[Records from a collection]

————————

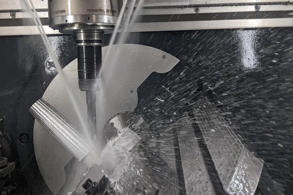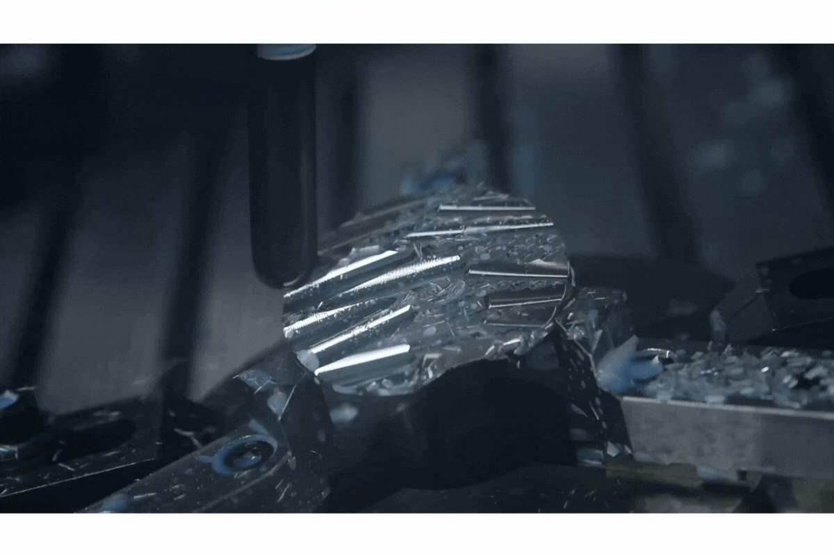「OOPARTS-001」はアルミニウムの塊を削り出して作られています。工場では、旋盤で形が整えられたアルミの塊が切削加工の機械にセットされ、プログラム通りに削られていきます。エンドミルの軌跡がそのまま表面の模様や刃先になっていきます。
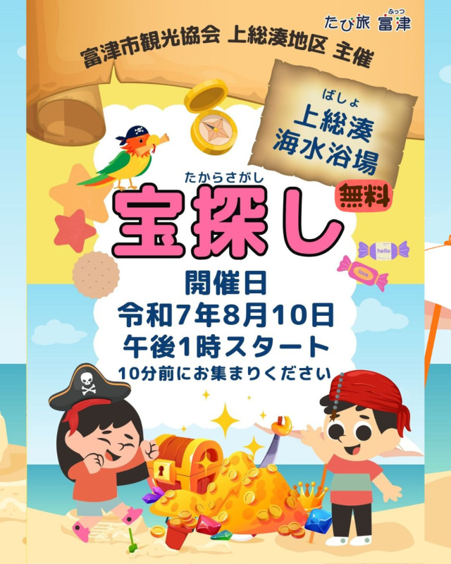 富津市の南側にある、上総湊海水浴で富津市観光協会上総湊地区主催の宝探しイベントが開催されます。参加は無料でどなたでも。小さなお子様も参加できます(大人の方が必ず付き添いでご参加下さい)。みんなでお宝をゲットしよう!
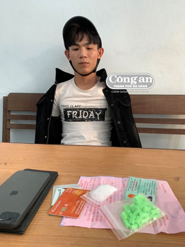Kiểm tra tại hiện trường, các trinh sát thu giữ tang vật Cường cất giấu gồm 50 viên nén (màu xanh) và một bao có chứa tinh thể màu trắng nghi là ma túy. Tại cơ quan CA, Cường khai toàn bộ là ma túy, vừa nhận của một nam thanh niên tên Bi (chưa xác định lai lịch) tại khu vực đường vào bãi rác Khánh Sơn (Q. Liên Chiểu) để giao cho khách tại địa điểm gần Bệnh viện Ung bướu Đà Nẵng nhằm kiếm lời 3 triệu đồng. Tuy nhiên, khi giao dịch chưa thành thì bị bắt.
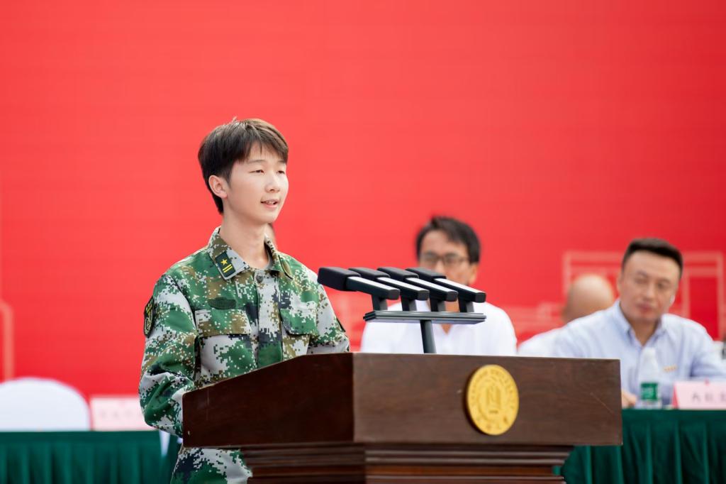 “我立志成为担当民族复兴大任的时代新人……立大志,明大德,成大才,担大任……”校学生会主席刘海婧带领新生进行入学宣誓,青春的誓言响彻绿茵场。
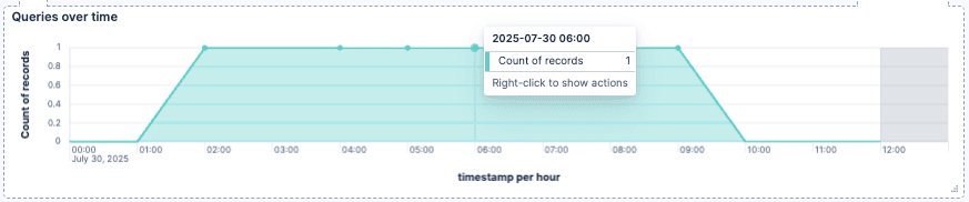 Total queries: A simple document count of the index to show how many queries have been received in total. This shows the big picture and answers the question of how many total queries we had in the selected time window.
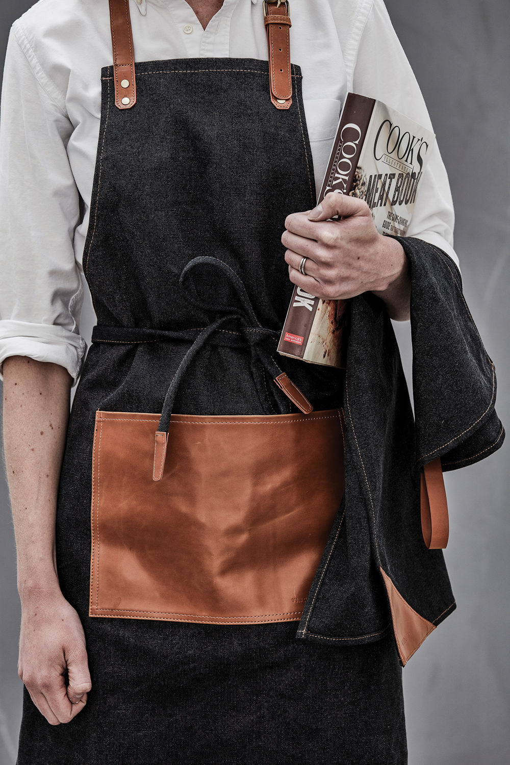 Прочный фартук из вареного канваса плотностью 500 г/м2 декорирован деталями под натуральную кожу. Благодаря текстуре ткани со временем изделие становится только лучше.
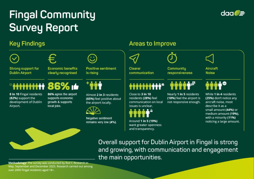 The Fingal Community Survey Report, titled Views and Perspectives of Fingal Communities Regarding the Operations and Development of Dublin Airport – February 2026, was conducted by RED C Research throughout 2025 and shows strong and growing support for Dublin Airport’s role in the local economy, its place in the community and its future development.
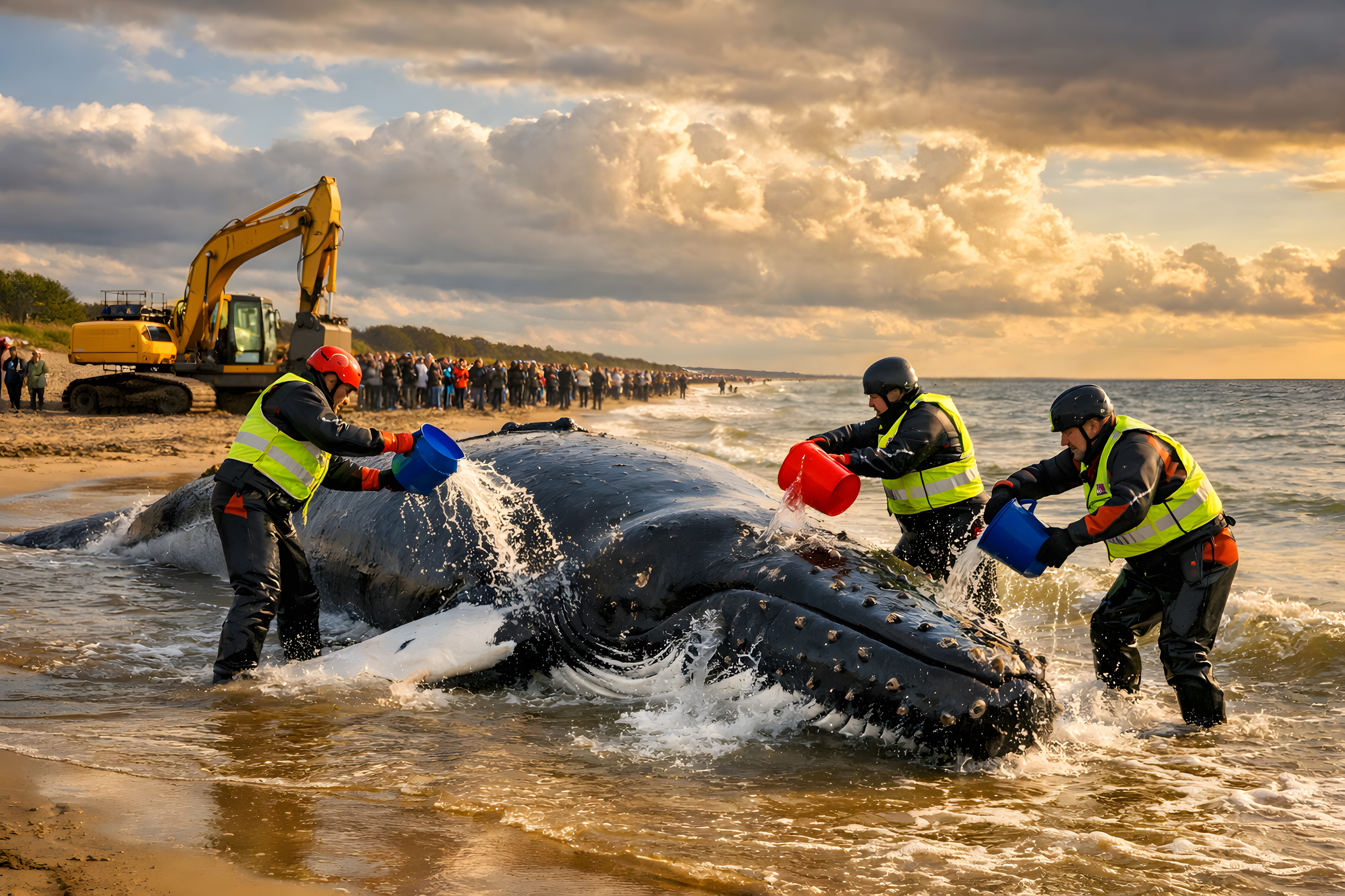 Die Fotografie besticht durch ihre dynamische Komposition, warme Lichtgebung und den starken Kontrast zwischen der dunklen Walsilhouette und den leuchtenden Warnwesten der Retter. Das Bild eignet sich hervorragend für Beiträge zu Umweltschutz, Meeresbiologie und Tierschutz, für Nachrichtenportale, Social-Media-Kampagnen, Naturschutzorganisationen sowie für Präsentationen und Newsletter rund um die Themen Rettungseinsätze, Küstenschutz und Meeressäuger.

————————

§ **Problem to work on**: Without carrying over any picture, write out the entries above once more, exactly.

§ **Result for this task**:
「OOPARTS-001」はアルミニウムの塊を削り出して作られています。工場では、旋盤で形が整えられたアルミの塊が切削加工の機械にセットされ、プログラム通りに削られていきます。エンドミルの軌跡がそのまま表面の模様や刃先になっていきます。
 富津市の南側にある、上総湊海水浴で富津市観光協会上総湊地区主催の宝探しイベントが開催されます。参加は無料でどなたでも。小さなお子様も参加できます(大人の方が必ず付き添いでご参加下さい)。みんなでお宝をゲットしよう!
Kiểm tra tại hiện trường, các trinh sát thu giữ tang vật Cường cất giấu gồm 50 viên nén (màu xanh) và một bao có chứa tinh thể màu trắng nghi là ma túy. Tại cơ quan CA, Cường khai toàn bộ là ma túy, vừa nhận của một nam thanh niên tên Bi (chưa xác định lai lịch) tại khu vực đường vào bãi rác Khánh Sơn (Q. Liên Chiểu) để giao cho khách tại địa điểm gần Bệnh viện Ung bướu Đà Nẵng nhằm kiếm lời 3 triệu đồng. Tuy nhiên, khi giao dịch chưa thành thì bị bắt.
 “我立志成为担当民族复兴大任的时代新人……立大志,明大德,成大才,担大任……”校学生会主席刘海婧带领新生进行入学宣誓,青春的誓言响彻绿茵场。
 Total queries: A simple document count of the index to show how many queries have been received in total. This shows the big picture and answers the question of how many total queries we had in the selected time window.
 Прочный фартук из вареного канваса плотностью 500 г/м2 декорирован деталями под натуральную кожу. Благодаря текстуре ткани со временем изделие становится только лучше.
 The Fingal Community Survey Report, titled Views and Perspectives of Fingal Communities Regarding the Operations and Development of Dublin Airport – February 2026, was conducted by RED C Research throughout 2025 and shows strong and growing support for Dublin Airport’s role in the local economy, its place in the community and its future development.
 Die Fotografie besticht durch ihre dynamische Komposition, warme Lichtgebung und den starken Kontrast zwischen der dunklen Walsilhouette und den leuchtenden Warnwesten der Retter. Das Bild eignet sich hervorragend für Beiträge zu Umweltschutz, Meeresbiologie und Tierschutz, für Nachrichtenportale, Social-Media-Kampagnen, Naturschutzorganisationen sowie für Präsentationen und Newsletter rund um die Themen Rettungseinsätze, Küstenschutz und Meeressäuger.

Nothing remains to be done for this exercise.